_Task directions_
To complete this task, print all the data below exactly but leave out the images.

(Information provided begins)

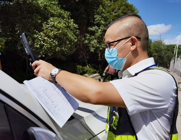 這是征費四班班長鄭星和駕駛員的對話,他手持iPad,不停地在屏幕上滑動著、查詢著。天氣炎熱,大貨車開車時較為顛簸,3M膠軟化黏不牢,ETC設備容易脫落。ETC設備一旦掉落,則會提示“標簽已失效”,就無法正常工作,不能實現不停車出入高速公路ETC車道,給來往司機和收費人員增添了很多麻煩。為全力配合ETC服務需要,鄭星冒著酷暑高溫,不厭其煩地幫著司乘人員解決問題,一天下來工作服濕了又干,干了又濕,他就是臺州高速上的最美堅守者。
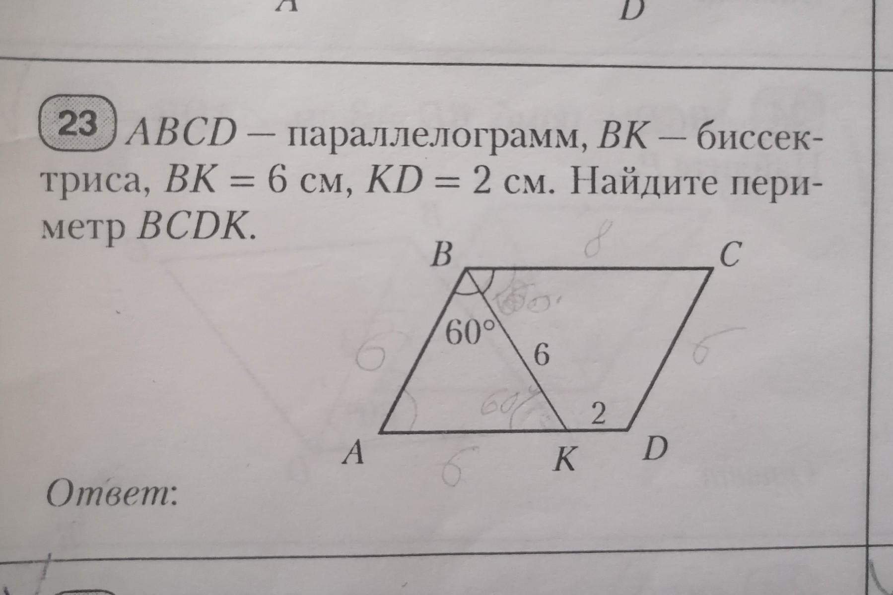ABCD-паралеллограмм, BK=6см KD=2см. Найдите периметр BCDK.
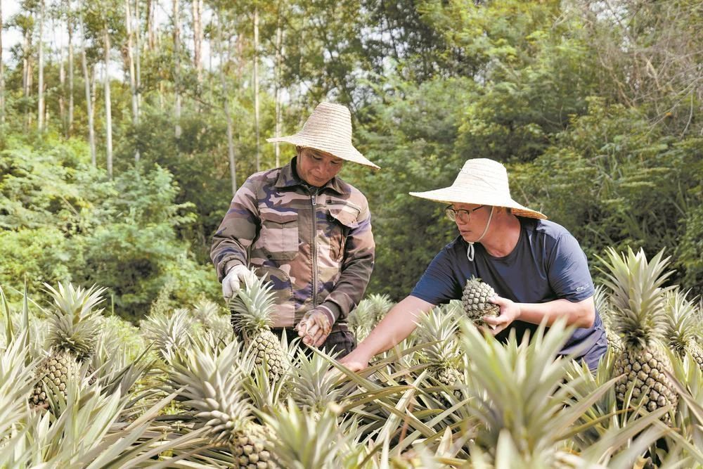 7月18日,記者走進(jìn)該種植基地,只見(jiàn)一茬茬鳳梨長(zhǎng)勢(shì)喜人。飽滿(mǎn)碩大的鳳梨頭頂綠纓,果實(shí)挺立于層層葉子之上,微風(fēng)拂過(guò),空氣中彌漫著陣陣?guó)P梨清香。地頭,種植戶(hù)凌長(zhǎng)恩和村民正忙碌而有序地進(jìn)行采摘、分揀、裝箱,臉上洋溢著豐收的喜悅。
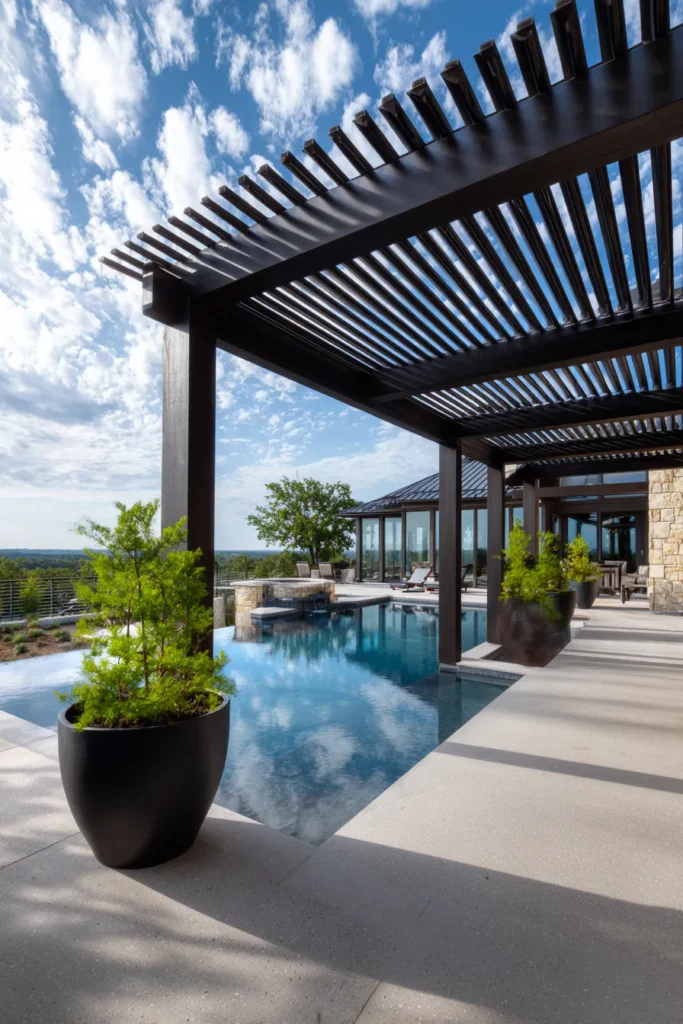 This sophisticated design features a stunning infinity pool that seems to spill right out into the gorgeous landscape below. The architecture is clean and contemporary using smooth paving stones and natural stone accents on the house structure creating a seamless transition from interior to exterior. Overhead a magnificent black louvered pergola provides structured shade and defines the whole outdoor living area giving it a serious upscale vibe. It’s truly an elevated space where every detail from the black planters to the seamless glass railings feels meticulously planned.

(Information provided ends)

_Solution to the problem_
 這是征費四班班長鄭星和駕駛員的對話,他手持iPad,不停地在屏幕上滑動著、查詢著。天氣炎熱,大貨車開車時較為顛簸,3M膠軟化黏不牢,ETC設備容易脫落。ETC設備一旦掉落,則會提示“標簽已失效”,就無法正常工作,不能實現不停車出入高速公路ETC車道,給來往司機和收費人員增添了很多麻煩。為全力配合ETC服務需要,鄭星冒著酷暑高溫,不厭其煩地幫著司乘人員解決問題,一天下來工作服濕了又干,干了又濕,他就是臺州高速上的最美堅守者。
ABCD-паралеллограмм, BK=6см KD=2см. Найдите периметр BCDK.
 7月18日,記者走進(jìn)該種植基地,只見(jiàn)一茬茬鳳梨長(zhǎng)勢(shì)喜人。飽滿(mǎn)碩大的鳳梨頭頂綠纓,果實(shí)挺立于層層葉子之上,微風(fēng)拂過(guò),空氣中彌漫著陣陣?guó)P梨清香。地頭,種植戶(hù)凌長(zhǎng)恩和村民正忙碌而有序地進(jìn)行采摘、分揀、裝箱,臉上洋溢著豐收的喜悅。
 This sophisticated design features a stunning infinity pool that seems to spill right out into the gorgeous landscape below. The architecture is clean and contemporary using smooth paving stones and natural stone accents on the house structure creating a seamless transition from interior to exterior. Overhead a magnificent black louvered pergola provides structured shade and defines the whole outdoor living area giving it a serious upscale vibe. It’s truly an elevated space where every detail from the black planters to the seamless glass railings feels meticulously planned.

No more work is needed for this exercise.